We guide professionals in reflecting on their daily experiences with illness and death:


  1. The emotional vulnerability they face, including feelings of frustration, sadness, guilt, anxiety, depression, helplessness, anger, uncertainty, fear, and powerlessness.


  2. The phenomenon of projection, where the patient becomes a mirror of the professional’s own emotions and reactions.


  3. Themes such as identity, belonging, and problem-solving.


  4. Acceptance of limitations related to therapeutic obstinacy (the unjustified prolongation of diagnostic or therapeutic practices that do not benefit the patient in terms of healing or quality of life).


  5. Professional commitment, ethical competence, and compassion to prevent mistrust and isolation.


  6. Communication of information (cause, symptoms, treatment, process, prognosis) with attention to the environment, use of simple language, and respect for the patient’s decision to know or not know their condition in order to prevent the anxiety such information may cause in the short, medium, or long term.


  7. Use of empathetic phrases: “I understand this isn’t easy for you,” “I know this is new for you, you’ll understand more over time,” “We can talk about this again,” “Write down your questions and bring them to the next appointment.” Information may need to be repeated, as denial can make it difficult to process or may distort it, but the time invested helps prevent misunderstandings.

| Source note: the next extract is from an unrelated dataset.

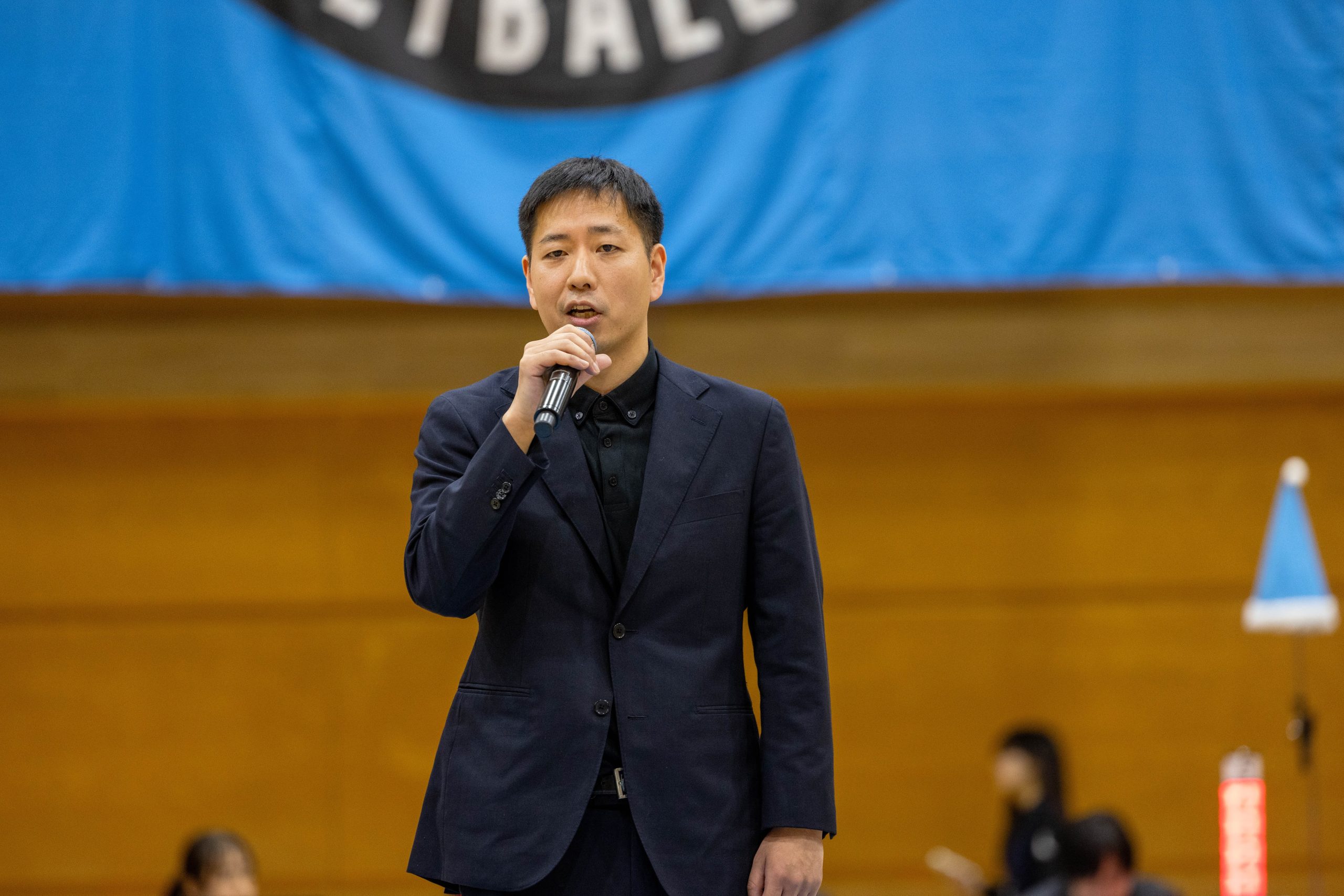 試合後、2節ぶりにコート上に復帰したMCの竹本タクシーが東京Uの橋爪純ヘッドコーチ(HD)にインタビューした。

  8. Consideration for the patient by improving assertive communication.


  9. Integration of the medical team by enhancing verbal and non-verbal communication among its members.


  10. Recognition of burnout symptoms (chronic fatigue, intolerance toward patients and colleagues, disinterest in work, stress, irritability, or depression) and risk factors (environmental, organizational, institutional, group and personal).